| DIRECTIONS |
Transcribe the lines below exactly. No image belongs in the transcription.

Segment Start: MATERIALS PROVIDED

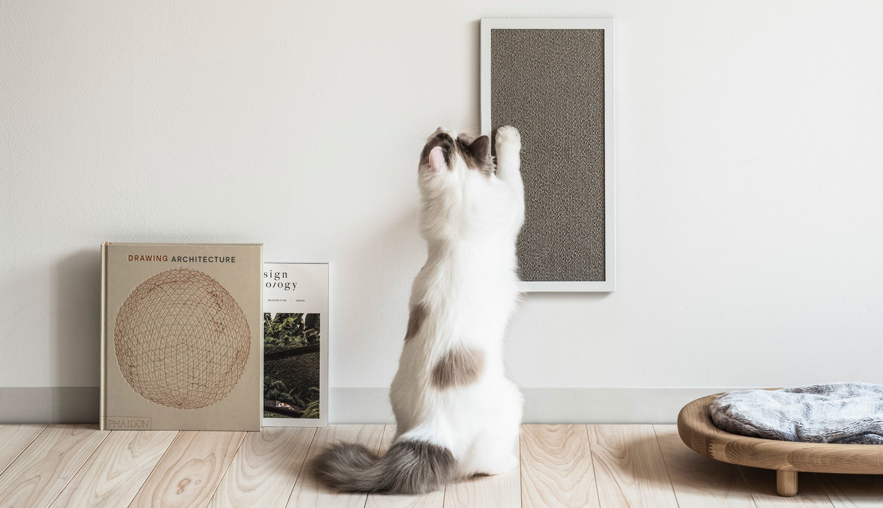 一般的な爪とぎはダンボール製で置き型が多いが、「NEKOBOARD」はカーペット生地を使用した壁掛けタイプ。インテリアのアクセントとしてお部屋に飾りながら、愛猫のマーキングを促すことができる。
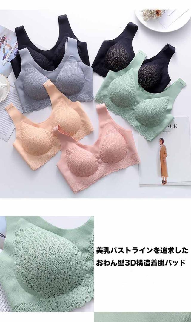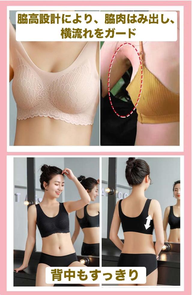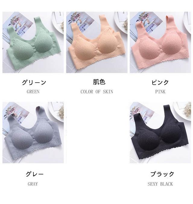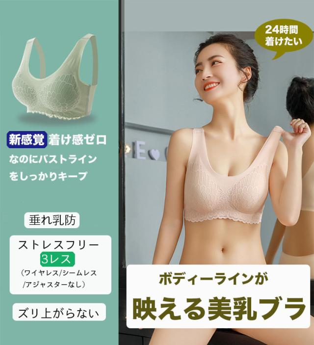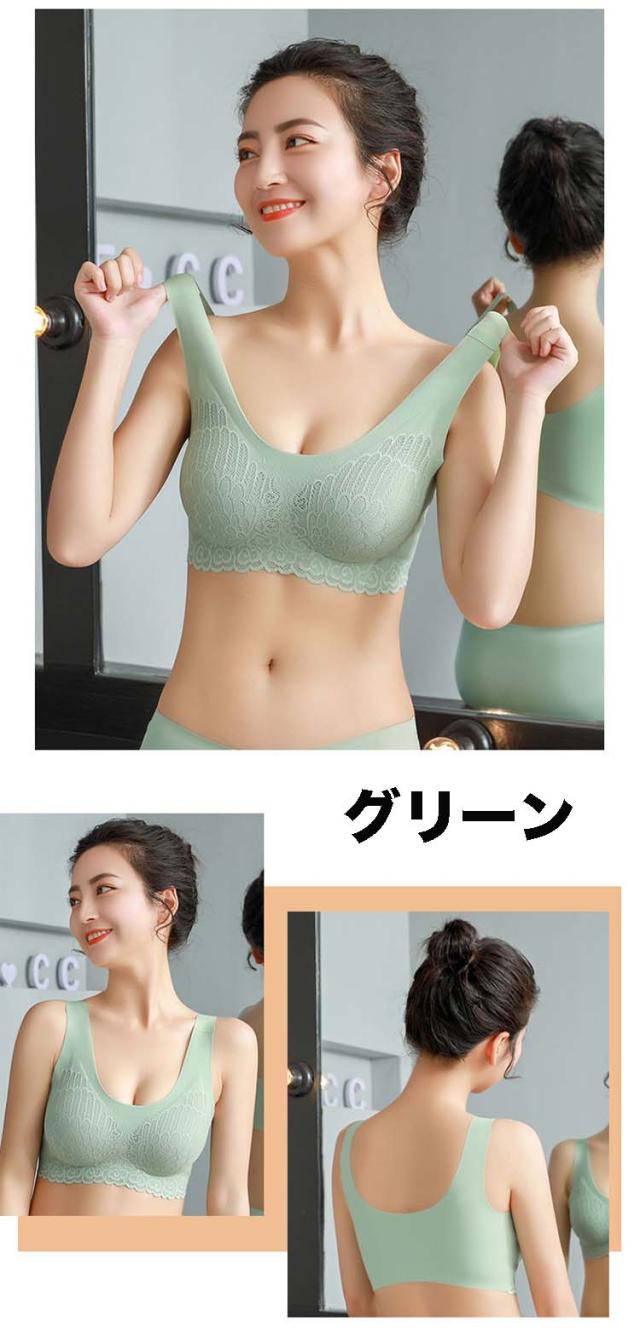 ノンワイヤー 美乳ブラ バストアップ 脇高 ブラジャー レディース ナイトブラ シームレス 快適 インナー 下着 L XL XXL 30代 40代 50代 60代 撮影用 デイリー 普段使い ヨガ スポーツ レース付き フルカップ ブラック ピンク グリーン
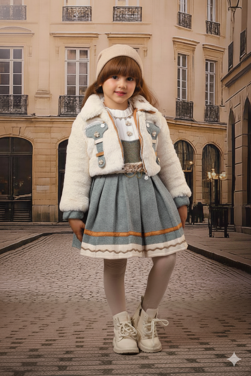 - طقم شتوي فاخر: يتضمن جاكيت فرو ناعم وفستان صوفي دافئ.
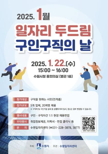 [경기경제신문] 수원시는 1월 22일 오후 3시부터 4시까지 시청 별관 1층 중회의실에서 ‘1월 일자리 두드림’ 채용행사를 연다.
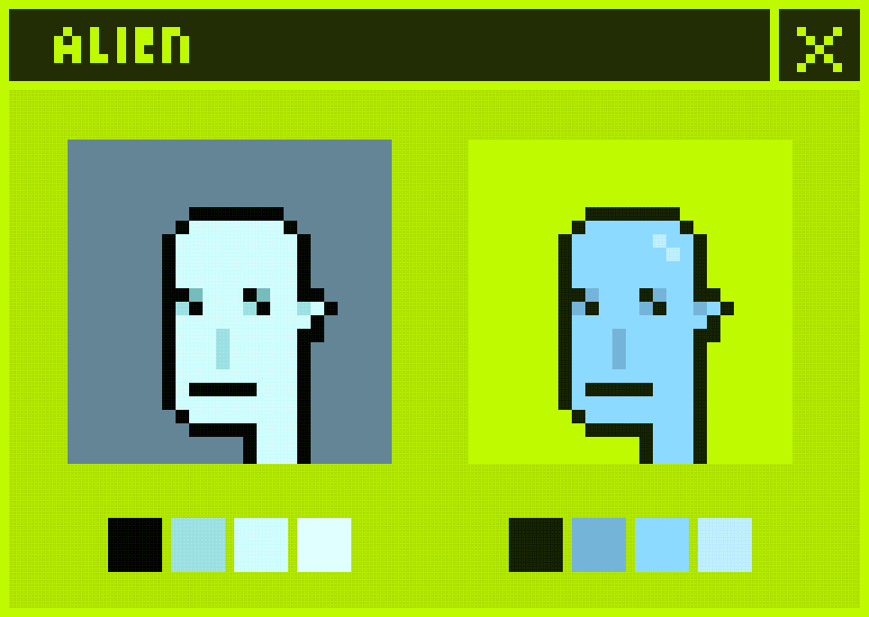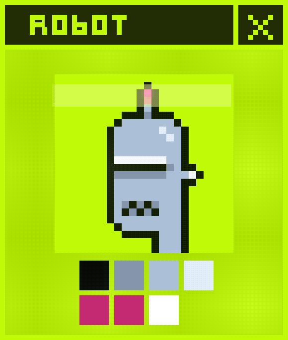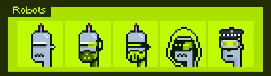 Inspired from the original bot phunks by @iape.eth and big phunk icons. with a cooler color suit upgrade and neon green-themed VR
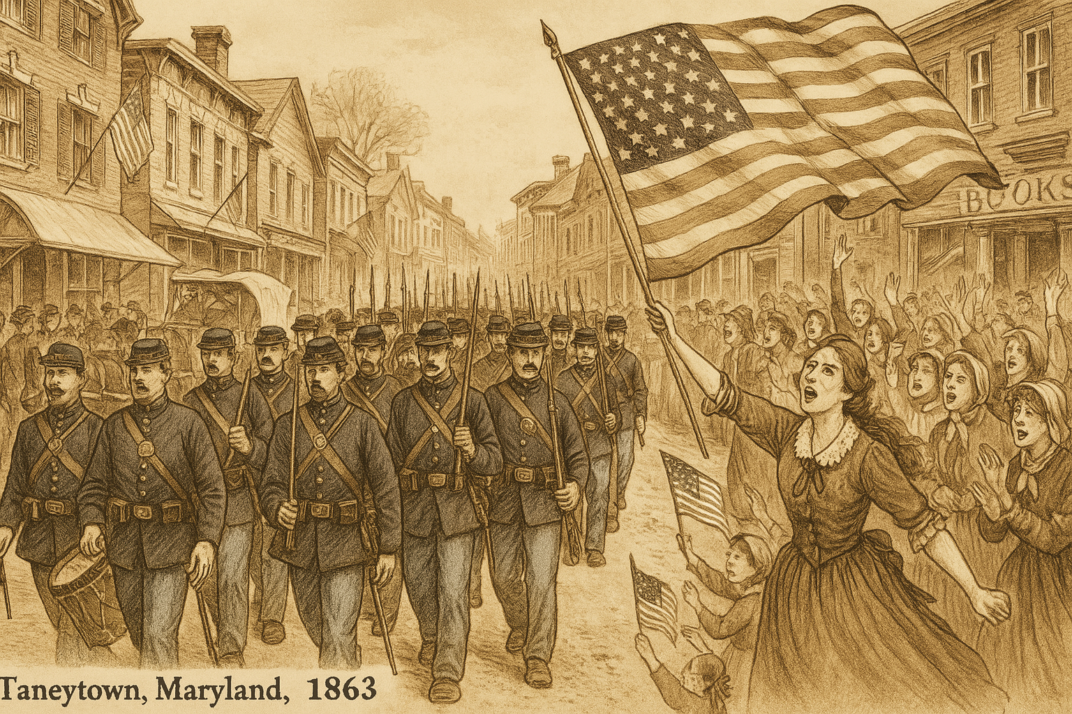Now I must tell you something about the times here. There was about two hundred thousand soldiers went through Taneytown. They destroyed a great deal of things through here but they didn’t destroy nothing for us. They were Union soldiers. I was in town one whole day looking at them a passing through and I didn’t see the quarter of them. Us girls sang and cheered them. They were all in good spirits and they said that Maryland was the pleasantest state that they ever was in. They said that they loved the very smiles of the women. They said if they didn’t get killed, they were a coming to Maryland to hunt their wives. They all acted like gentlemen. They were as decent a people as ever went through town. They encamped about a mile from our house. They had their guards placed out at our big gate looking for the rebels in every direction. They had their cannons planted between our house and town expecting a fight every minute but the rebels didn’t come closer than Bill Gilden till they were driven back.
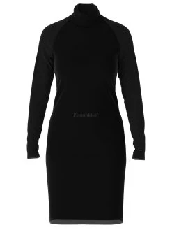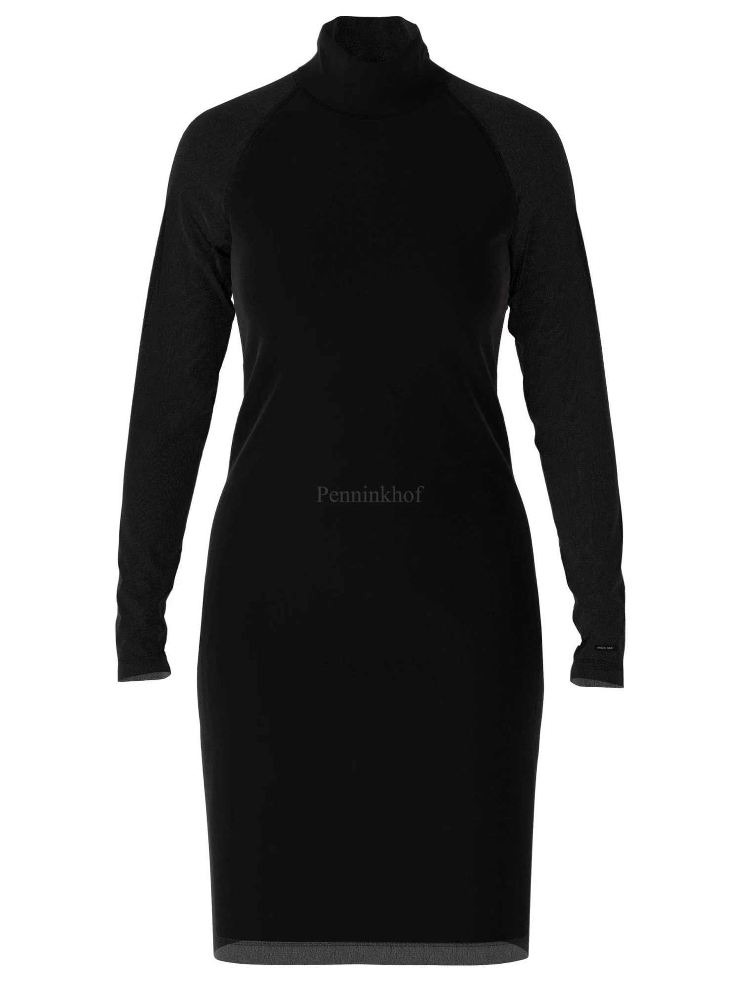 Een velour jurk van Marc Cain in de kleur zwart. De jurk heeft een vallende hoge hals. Vanaf de schouders is de stof van de lange mouwen licht transparant. De jurk is gevoerd en mag op 30 graden worden gewassen.
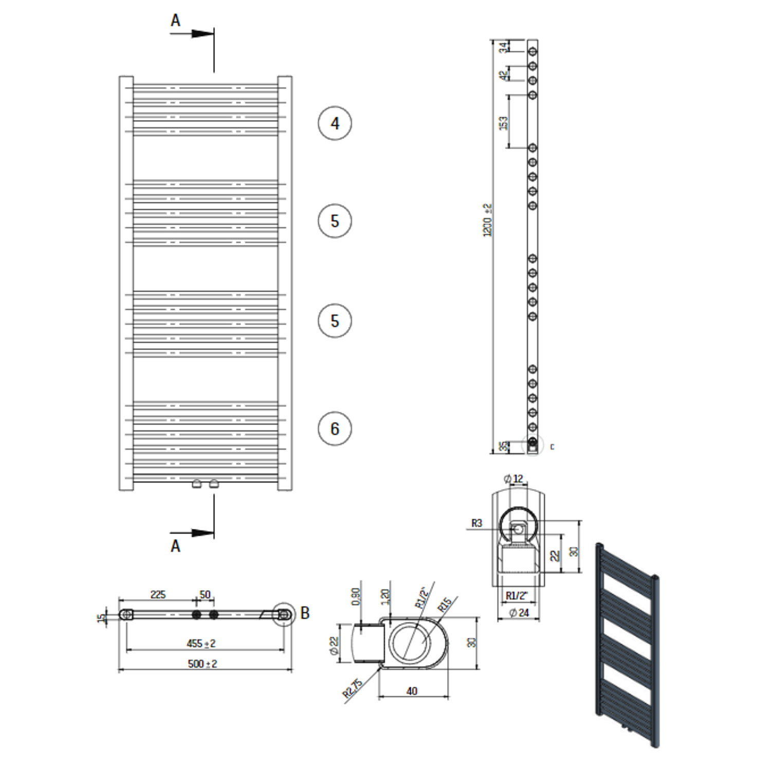 De radiator heeft een hoogte van 120 cm en een breedte van 50 cm. De radiator beschikt over een midden/zij-aansluiting. Wilt u weten hoeveel wattage u nodig heeft voor in uw badkamer? Er is een simpele rekensom die uit kunt gebruiken. Bereken eerst de inhoud (m3) van de ruimte. Vervolgens bepaalt u de gewenste temperatuur. Zie de afbeelding voor meer details.
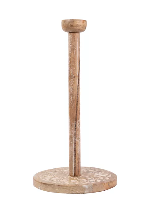 Carved out of sleek mango wood, this paper towel holder from Bazaar is featured with all-over distressing for a worn-in look.
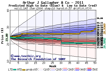 The high to date and low to date prices of the stock plotted against a random walk model for 2011 (what's this?).

Segment End: MATERIALS PROVIDED

| ANSWER BELOW |
 一般的な爪とぎはダンボール製で置き型が多いが、「NEKOBOARD」はカーペット生地を使用した壁掛けタイプ。インテリアのアクセントとしてお部屋に飾りながら、愛猫のマーキングを促すことができる。
 ノンワイヤー 美乳ブラ バストアップ 脇高 ブラジャー レディース ナイトブラ シームレス 快適 インナー 下着 L XL XXL 30代 40代 50代 60代 撮影用 デイリー 普段使い ヨガ スポーツ レース付き フルカップ ブラック ピンク グリーン
 - طقم شتوي فاخر: يتضمن جاكيت فرو ناعم وفستان صوفي دافئ.
 [경기경제신문] 수원시는 1월 22일 오후 3시부터 4시까지 시청 별관 1층 중회의실에서 ‘1월 일자리 두드림’ 채용행사를 연다.
 Inspired from the original bot phunks by @iape.eth and big phunk icons. with a cooler color suit upgrade and neon green-themed VR
Now I must tell you something about the times here. There was about two hundred thousand soldiers went through Taneytown. They destroyed a great deal of things through here but they didn’t destroy nothing for us. They were Union soldiers. I was in town one whole day looking at them a passing through and I didn’t see the quarter of them. Us girls sang and cheered them. They were all in good spirits and they said that Maryland was the pleasantest state that they ever was in. They said that they loved the very smiles of the women. They said if they didn’t get killed, they were a coming to Maryland to hunt their wives. They all acted like gentlemen. They were as decent a people as ever went through town. They encamped about a mile from our house. They had their guards placed out at our big gate looking for the rebels in every direction. They had their cannons planted between our house and town expecting a fight every minute but the rebels didn’t come closer than Bill Gilden till they were driven back.
 Een velour jurk van Marc Cain in de kleur zwart. De jurk heeft een vallende hoge hals. Vanaf de schouders is de stof van de lange mouwen licht transparant. De jurk is gevoerd en mag op 30 graden worden gewassen.
 De radiator heeft een hoogte van 120 cm en een breedte van 50 cm. De radiator beschikt over een midden/zij-aansluiting. Wilt u weten hoeveel wattage u nodig heeft voor in uw badkamer? Er is een simpele rekensom die uit kunt gebruiken. Bereken eerst de inhoud (m3) van de ruimte. Vervolgens bepaalt u de gewenste temperatuur. Zie de afbeelding voor meer details.
 Carved out of sleek mango wood, this paper towel holder from Bazaar is featured with all-over distressing for a worn-in look.
 The high to date and low to date prices of the stock plotted against a random walk model for 2011 (what's this?).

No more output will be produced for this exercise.